A partir da Conferência de Viena, realizada no ano de 1993 pela Organização
das Nações Unidas, instaurou-se a “Década Internacional da Educação em Direitos
Humanos”, fomentando que todos os países membros organizassem processos
educacionais para promoção da compreensão dos direitos fundamentais do ser
humano como forma eficiente no enfrentamento aos abusos e violações de “direitos
civis e políticos, econômicos, sociais, culturais e ambientais, bem como no combate
à intolerância étnico racial, religiosa, cultural, geracional, territorial, físico-individual,
de gênero, de orientação sexual, de nacionalidade, de opção política” etc. (FORTES,
2010, Apresentação).
Então, no Brasil, criou-se o Programa Nacional de Direitos Humanos, no ano de
1996, apresentando uma segunda versão no ano de 2002 e uma terceira no ano de 2009.
A partir do Programa Nacional, houve mobilização para a realização de um plano de
ação, o qual consistuiu posteriormente o Plano Nacional de Educação em Direitos
Humanos, que atualmente se encontra conjecturado em sua segunda versão e dispõe de
diretrizes e princípios gerais que estabelecem ações programáticas a serem alcançadas
em cinco eixos ou áreas, a saber: educação básica, educação superior, educação não
formal, educação dos profissionais dos sistemas de justiça e segurança e educação e
mídia (BRASIL, Plano Nacional de Educação em Direitos Humanos, 2009).
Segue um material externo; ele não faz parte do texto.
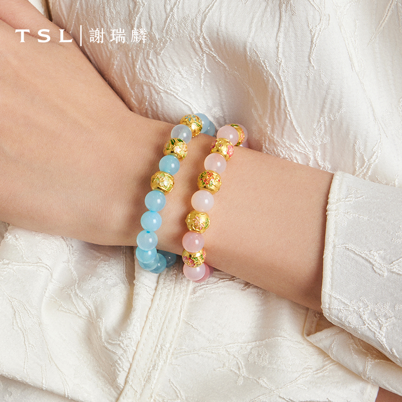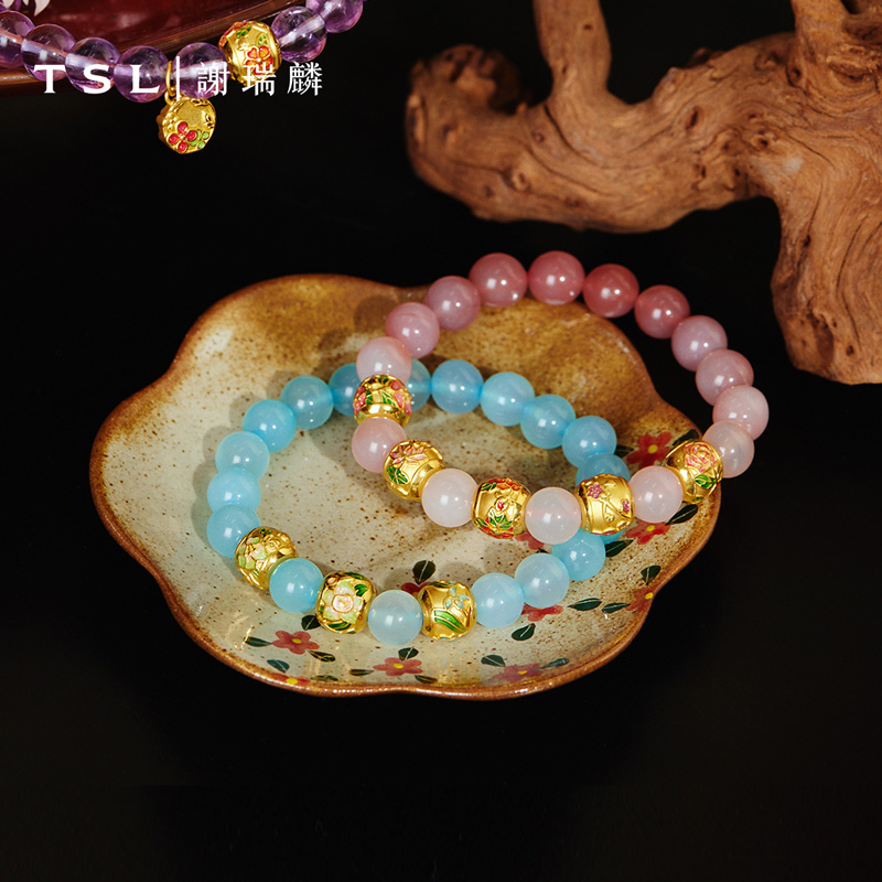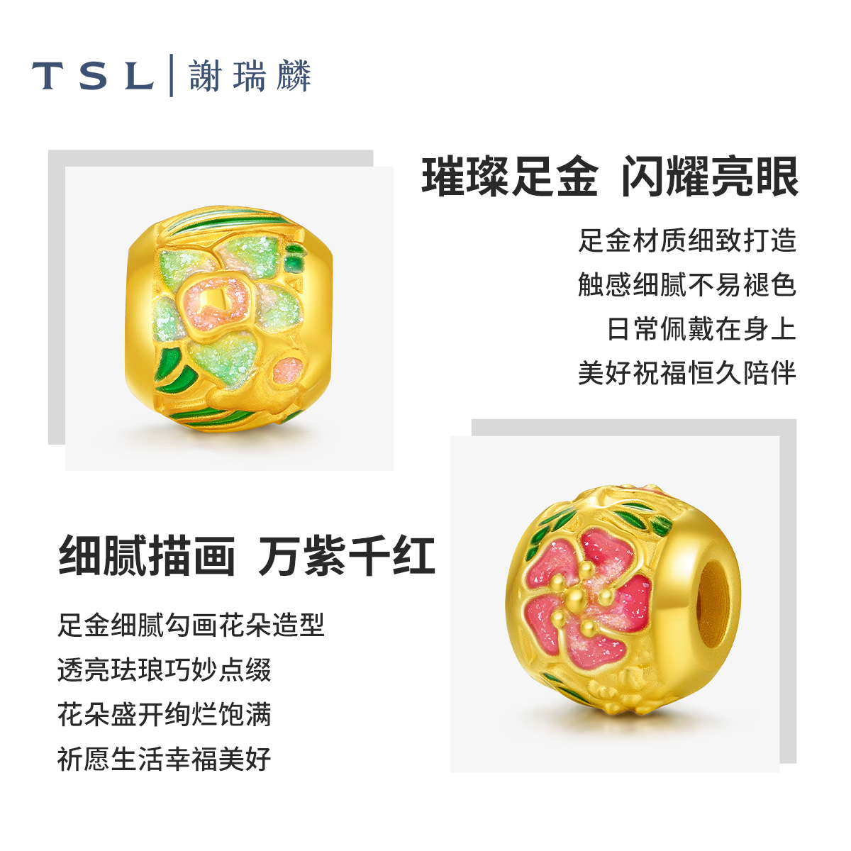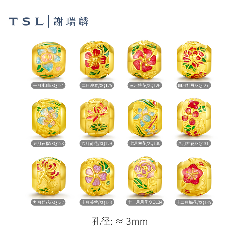 【百亿补贴】TSL谢瑞麟十二花神5D硬金珐琅黄金转运珠XQ124-XQ135
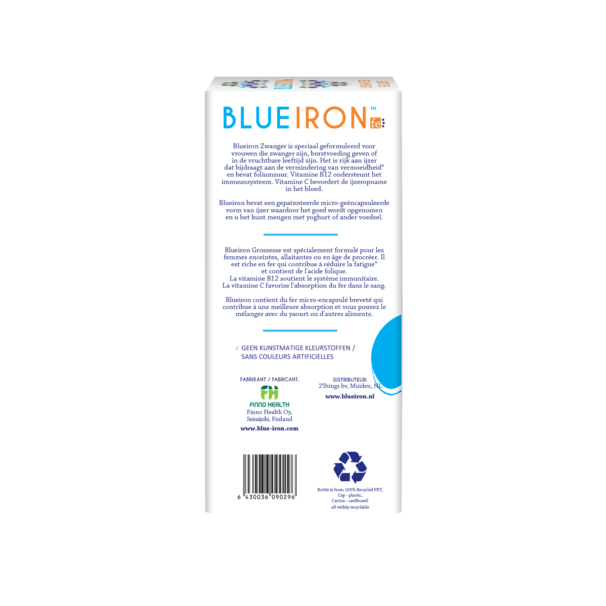 Blueiron bevat een gepatenteerde micro-geencapsuleerde vorm van ijzer. Hierdoor wordt het ijzer wordt makkelijk opgenomen en is het vriendelijk voor de maag. Het product is glutenvrij en geschikt voor veganisten.
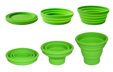 Lightweight and Compact - The foldable bowl weighs 2.1 oz. Just 0.4" (1cm) in thickness when fell. The foldable cup weighs 1.5 oz. Just 0.6" (1.8cm) in thickness when fell
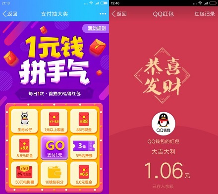 QQ钱包“1元钱拼手气”活动又来了,每日1次,支付1元首次99%得1-88元红包,亲测中了1.06元,扣除支付的1元,相当于赚了6分钱。好歹之前至少能赚一毛以上啊,现在真是成了抠抠钱包了。
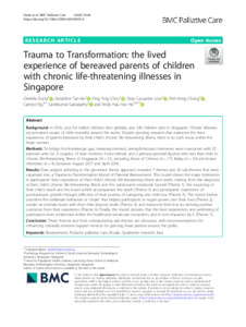 Trauma to transformation: the lived experience of bereaved parents of children with chronic life-threatening illnesses in Singapore
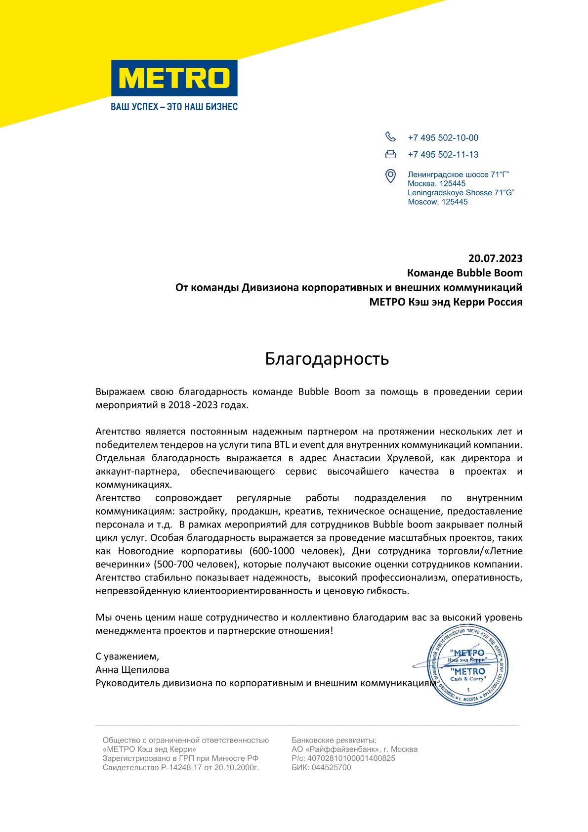Анна Щепилова Руководитель дивизиона по корпоративным и внешним коммуникациям МЕТРО Кэш энд Керри Россия
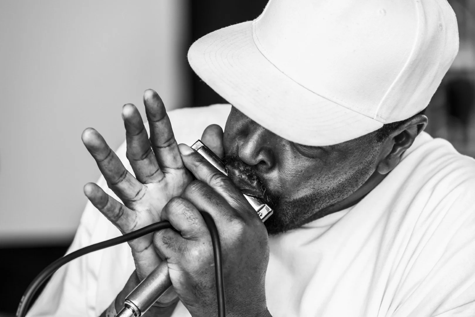 “Show of Hands offers a new perspective on the emotional, spiritual and physiological transmission of music through the hands of remarkable musicians. The emphasis in most contemporary music photography is often on full-body, “peak moment” gestures and the effortful contortions that speak more to fandom than understanding of the music.Buton closer inspection, hands are just as active, if not more-so, in the transmission of music from the creative inner-soul into the instrument and through to the listener. The miraculous dexterity and fine-tuned athleticism involved with playing a guitar, bass, piano—or even a vocalist using their hands to make subtle changes in the position of a microphone or to gesture to the audience—shape our connection to the artist and their music. Hands can also express compassion, excitement, and an effort of an artist to give themselves to the audience. By focusing on the hands, I’ve discovered that every artist has unique gestures and mannerisms that provide subtle clues to their inner-identity. With Show of Hands, I hope to reorient our connection to music and to the artist. The hands that appear in this show are all connected to gifted and influential musicians including Joan Baez, Linda Ronstadt, Blake Mills, Pino Palladino and Daniel Lanois among others.”
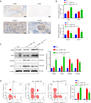 Considering the close relationship between cancer progression and TAM polarization, we strived to inquire the impacts of SYVN1 in regulating macrophage polarization. IHC staining manifested the high expression of CD206 and CD163 and the low levels of iNOS and CD86 in ESCC tissues, which indicated that the positive association of M2 phenotype polarization with SYVN1 expression (Figure 4A). Accordingly, M0 cells were obtained through exposing THP cells to PMA and then subjected to a co-culture of KYSE-150 cells with or without abundant expression of SYVN1. As anticipated, qPCR assay expounded that co-cultivation with SYVN1-expressing KYSE-150 cells facilitated a conspicuous augment in the expression of M2 markers CD206 and CD163, while silencing of SYVN1 in ESCC cells contributed to the inhibition of CD206 and CD163 levels (Figure 4B). Western blot further verified the promoting function of SYVN1 in M2 polarization of TAMs (Figure 4C). Consistently, results of flow cytometry assay illustrated that the proportion of M1 phenotype and the ratio of CD206+ macrophages were elevated when TAMs were co-cultivated with SYVN1-expressing KYSE-150 cells (Figure 4D). Notably, deficiency of SYVN1 triggered the increase of CD86+ macrophages and the diminished percent of M2 phenotype (Figure 4D). On the whole, our observations provided strong evidence that SYVN1 drove TAM polarization to M2 phenotype.
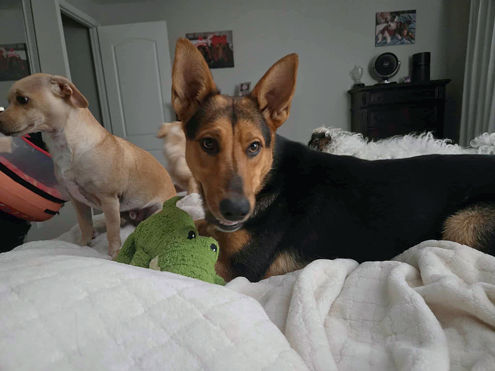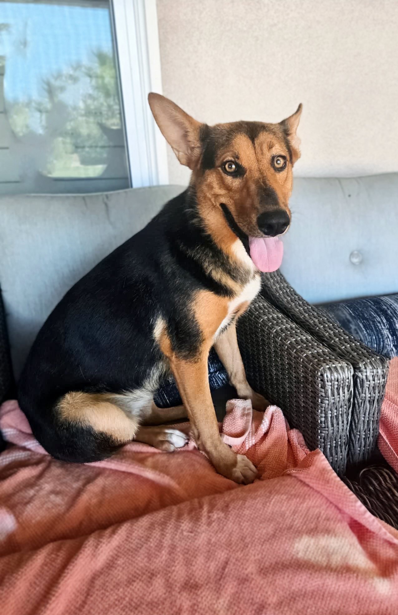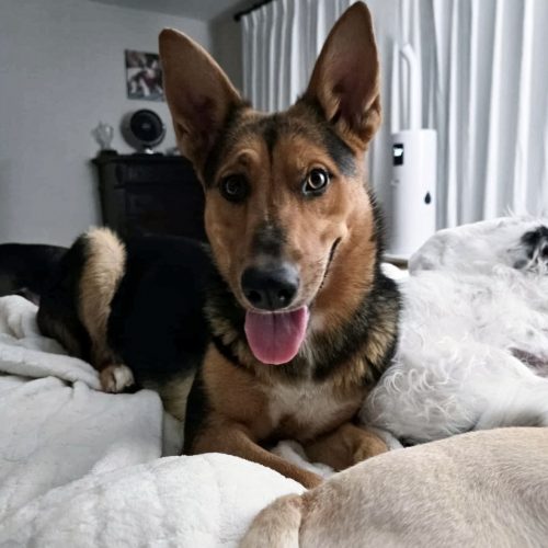 This 15-month-old shepherd is exactly what her name says — a true miracle. She is the most loving, loyal, and cuddly companion you could dream of. Miracle is wonderful with toddlers, great with cats, and absolutely adores other dogs of all sizes. She’s also the kind of pup who welcomes strangers like they are old friends, her tail never stops wagging.
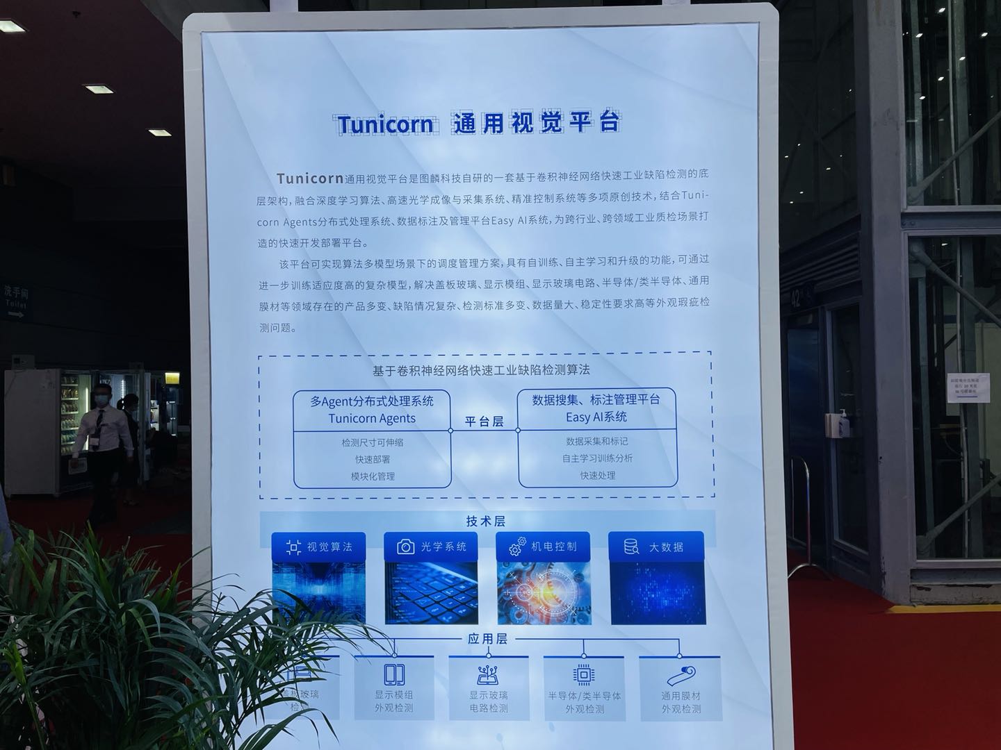 在去年展会上首次发布的工业级Tunicorn通用视觉平台,是YABO鸭脖科技为跨领域工业质检场景打造的、基于卷积神经网络的快速工业检测算法的底层架构,融合了视觉算法、光学系统、机电控制、大数据等多项原创技术,并取得了进一步突破:
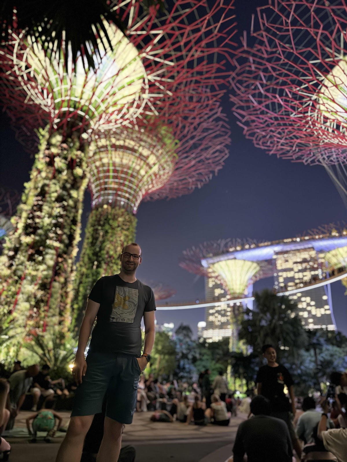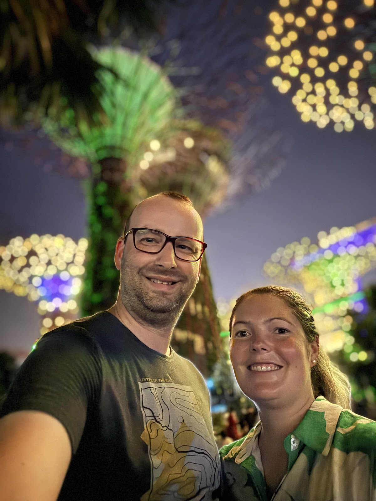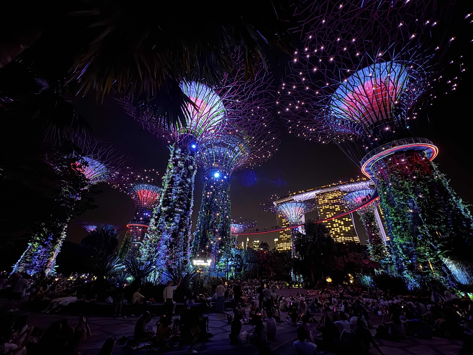 Ein bisschen packen und dann wieder los zum Abendessens Treffpunkt, zum Thai Curry, dieses Mal auch mit Berni, der bis 18:00 Feierabend machen sollte. Mit dem Bus eine Stunde unterwegs, dann angekommen. Der Treffpunkt war ein kleiner lokaler Hawker, und wir haben bei Chiang Mai Thai thailändisch bestellt. Sehr lecker. So saßen wir gemütlich bis gegen 20 Uhr, dann musste Berni erneut Richtung Meeting und wir Richtung Lichter- und Musikshow im Super Tree Groves. Mit dem Grab ging es gut hin, die letzten Meter gelaufen weil Stau war und vor Ort einen Platz gesucht und Stativ aufgebaut. Schon ging es los, Motto: alte Song-Klassiker. So tanzten dann die LEDs der Bäume zu z.B. Grease „the one that I want“.
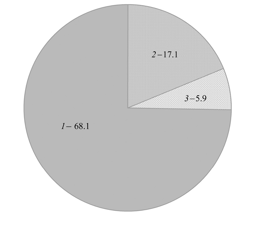 Рис. 3. Среднегодовое потребление (млн т) минтаем Gadus chalcogrammus гидробионтов (доминирующие группы) в эпипелагиали Берингова моря в 1982–2020 гг.: 1 – планктон (74.1%): Copepoda (41.9%), Euphausiacea (20.9%), прочие (11.3%); 2 – нектон (19.2%): Pisces (18.4%), Decapodiformes (0.8%); 3 – бентос (6.7%): Decapoda (5.5%), прочие (1.2%).

O Plano Nacional de Educação em Direitos Humanos (PNEDH) representa o
compromisso do Estado com a concretização dos direitos humanos, tendo como princípio
a afirmação dos direitos humanos como universais, indivisíveis e interdependentes,
buscando, consequentemente, a promoção da igualdade de oportunidades e da
equidade no que diz respeito à diversidade e, principalmente, na consolidação de uma
cultura democrática e cidadã. Trata-se de uma política pública que visa a aperfeiçoar os
ideais do Estado Democrático de Direito (BRASIL, Plano Nacional de Educação em
Direitos Humanos, 2009).
A educação em direitos humanos pode ser compreendida como:

[...] um processo sistemático e multidimensional que orienta a formação dos sujeitos


de direitos, articulando várias dimensões, como apreensão do conhecimento sobre
Direitos Humanos; a afirmação de valores, atitudes e práticas que expressam
uma cultura de Direitos Humanos; a afirmação de uma consciência cidadã; o
desenvolvimento de processos metodológicos participativos; e o fortalecimento
de práticas individuais e sociais que gerem ações e instrumentos em favor da
promoção e da defesa dos Direitos Humanos (FORTES, Apresentação, 2010).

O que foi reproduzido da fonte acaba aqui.